In response to these questions, Overstreet sent BJI the following statement acknowledging the concerns of some RVPs and noting that they are being taken into consideration:

“USBC has adopted its policy language directly from the U.S. Center for SafeSport. USBC and other USOC National Governing Bodies have expressed concern about the Electronic Communications policy language. We understand SafeSport is reviewing the language and the concerns.

The specific guidelines and language from SafeSport will be evolving and as USBC receives updates on the policy from SafeSport we will follow their direction. USBC recommends Registered Volunteers follow current policies using reasonable judgment.

USBC will handle complaints and enforcement related to RVP policy consistent with our organizational policy for Due Process outlined in the Bylaws.”

Overstreet's allusion to "SafeSport" pertains to the aftermath of the scandal that brought down USA Gymnastics following Dr. Larry Nassar’s conviction for sexual misconduct, which continues to reverberate throughout the Olympic community. Consequently, many amateur sports organizations are enacting new policies and procedures to comply with the Protecting Young Victims from Sexual Abuse and Safe Sport Authorization Act President Trump signed on Feb. 14 in response to the scandal, including USBC.

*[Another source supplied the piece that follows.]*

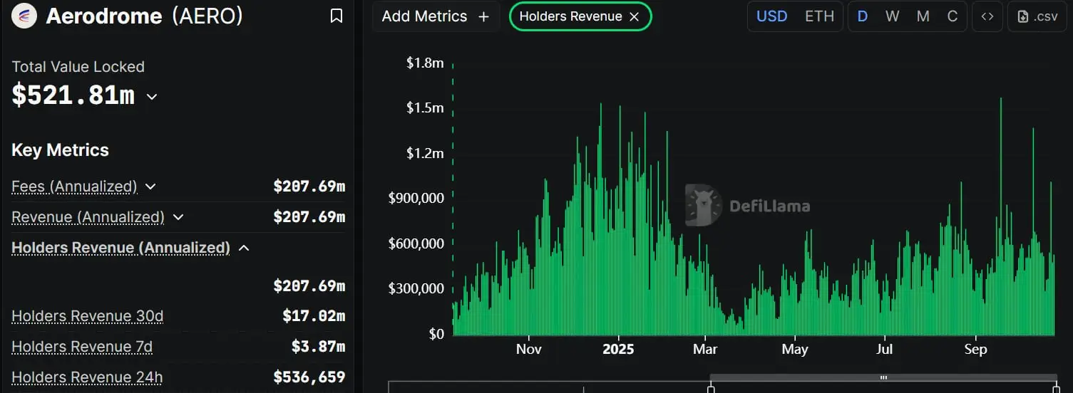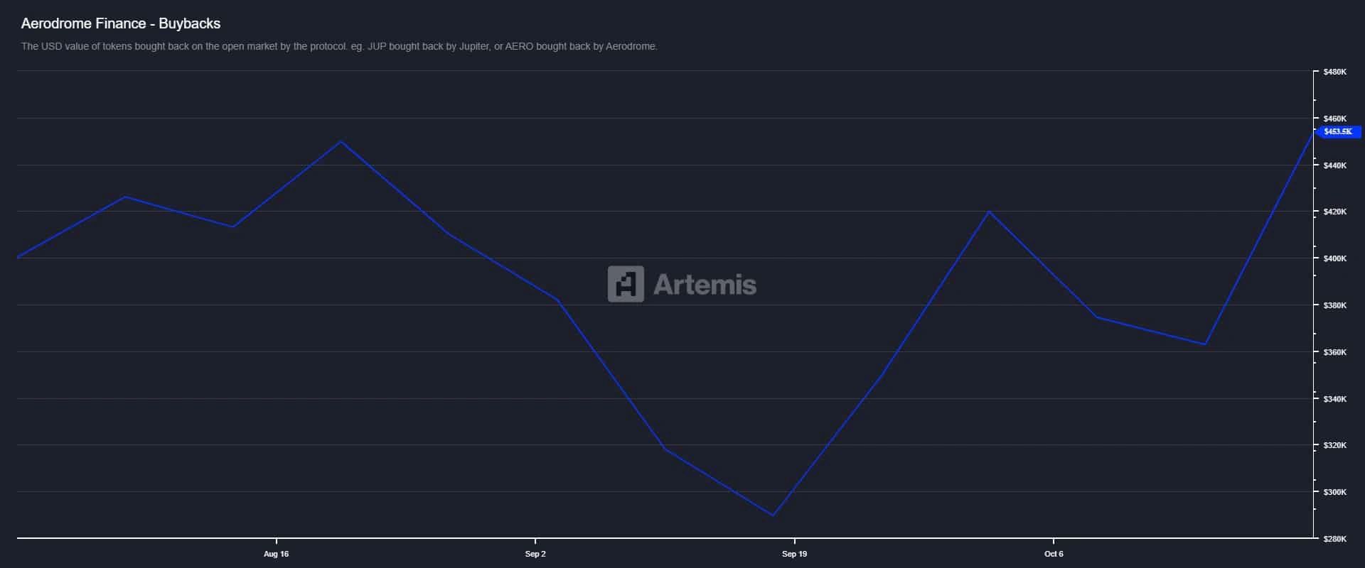 عامل مهم دیگر، اجرای برنامه بازخرید (Buyback) توکن توسط تیم توسعه آئرودروم است. این اقدام که پس از افت مداوم قیمت تا محدوده ۰.۶ دلار آغاز شد، در هفته اخیر به بالاترین سطح سهماهه خود رسیده است. طبق دادههای Artemis، بودجه اختصاصیافته به بازخرید از ۲۸۹ هزار دلار به ۴۵۳ هزار دلار افزایش یافته و رشد ۱۳ درصدی را ثبت کرده است. از آنجا که بازخرید توکنها موجب کاهش عرضه در گردش و در نتیجه افزایش فشار تقاضا میشود، این اقدام میتواند نقشی مشابه با سیاستهای انقباضی در اقتصاد ایفا کند و زمینه رشد قیمتی را فراهم آورد. این استراتژی در عین حال پیامی روشن از سوی تیم پروژه به بازار مخابره میکند: اعتماد به پایداری و ارزش ذاتی توکن AERO در بلندمدت.

According to a fact sheet released by the U.S. Center for SafeSport, the law requires National Governing Bodies such as the United States Bowling Congress to “offer and provide consistent training to adult members who are in contact with amateur athletes who are minors.”

Overstreet told BJI in November that, “We’ve been waiting for guidance from the U.S. Center for SafeSport, which has authority from USOC related to athlete safety, on how they expect all of the National Governing Bodies to implement an education and training process. Once we received that from them, it allowed us to put together our implementation plan and then announce it.” He added that, “All NGBs have been collaborating with USOC similarly over the past year” on implementation of SafeSport guidance, and that, “USBC has been part of those discussions.”

USBC’s announcement of its own implementation plan came in a November 8 release advising that, “Online training and education through the U.S. Center for SafeSport now is a required component of the [USBC’s] Registered Volunteer Program, and to comply with [USOC] regulations, the program has been expanded to include local and state association board members.”

Those seeking RVP approval had until Jan. 1 to complete that training. As that deadline approached, Overstreet stressed that all those requiring RVP approval should “visit Bowl.com and look at the RVP information. All of the resources are there for our volunteers, whether that be at the association level or coaches. It’s important for them to be aware of the information and understand the process.” That information can be found at Bowl.com/RVP, where those requiring RVP approval could access and register for the SafeSport training. SafeSport education, which comes at no cost, is mandatory for anyone interested in completing the RVP process.